══ PROVIDED RECORDS ══
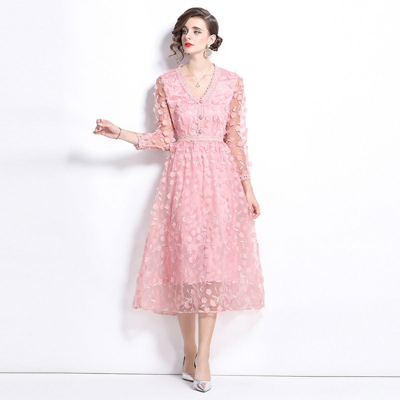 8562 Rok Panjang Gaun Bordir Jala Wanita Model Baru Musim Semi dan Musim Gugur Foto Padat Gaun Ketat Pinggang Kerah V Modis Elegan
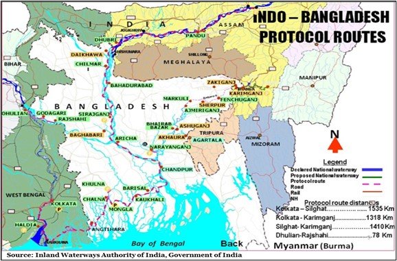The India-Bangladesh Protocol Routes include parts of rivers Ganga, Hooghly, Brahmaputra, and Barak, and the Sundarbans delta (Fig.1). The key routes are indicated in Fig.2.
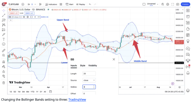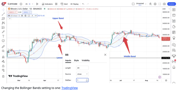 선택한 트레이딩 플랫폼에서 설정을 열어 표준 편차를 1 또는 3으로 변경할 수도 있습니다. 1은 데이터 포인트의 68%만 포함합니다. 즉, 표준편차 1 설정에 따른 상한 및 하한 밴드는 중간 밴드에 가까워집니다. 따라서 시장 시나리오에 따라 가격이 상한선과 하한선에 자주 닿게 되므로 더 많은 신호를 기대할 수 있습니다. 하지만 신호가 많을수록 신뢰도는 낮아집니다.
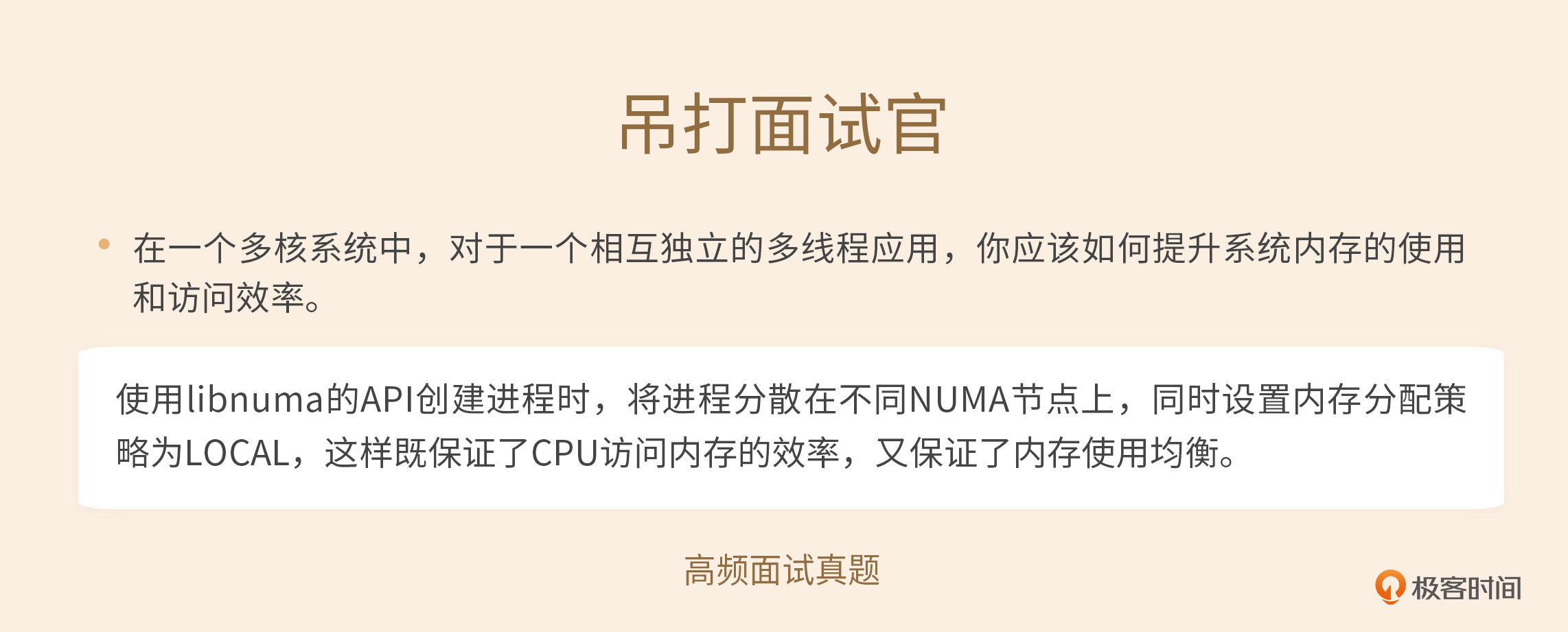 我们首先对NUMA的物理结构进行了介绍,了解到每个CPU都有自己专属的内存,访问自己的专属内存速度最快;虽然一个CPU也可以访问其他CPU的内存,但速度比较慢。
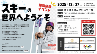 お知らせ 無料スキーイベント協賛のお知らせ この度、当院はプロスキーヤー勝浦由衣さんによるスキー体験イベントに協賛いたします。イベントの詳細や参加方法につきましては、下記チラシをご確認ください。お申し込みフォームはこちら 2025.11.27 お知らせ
═══
PROBLEM: Reproduce only the lines of the records from the start up to and including the line that holds "The India-Bangladesh Protocol"; do not carry over any picture.

EXPECTED OUTPUT:
 8562 Rok Panjang Gaun Bordir Jala Wanita Model Baru Musim Semi dan Musim Gugur Foto Padat Gaun Ketat Pinggang Kerah V Modis Elegan
The India-Bangladesh Protocol Routes include parts of rivers Ganga, Hooghly, Brahmaputra, and Barak, and the Sundarbans delta (Fig.1). The key routes are indicated in Fig.2.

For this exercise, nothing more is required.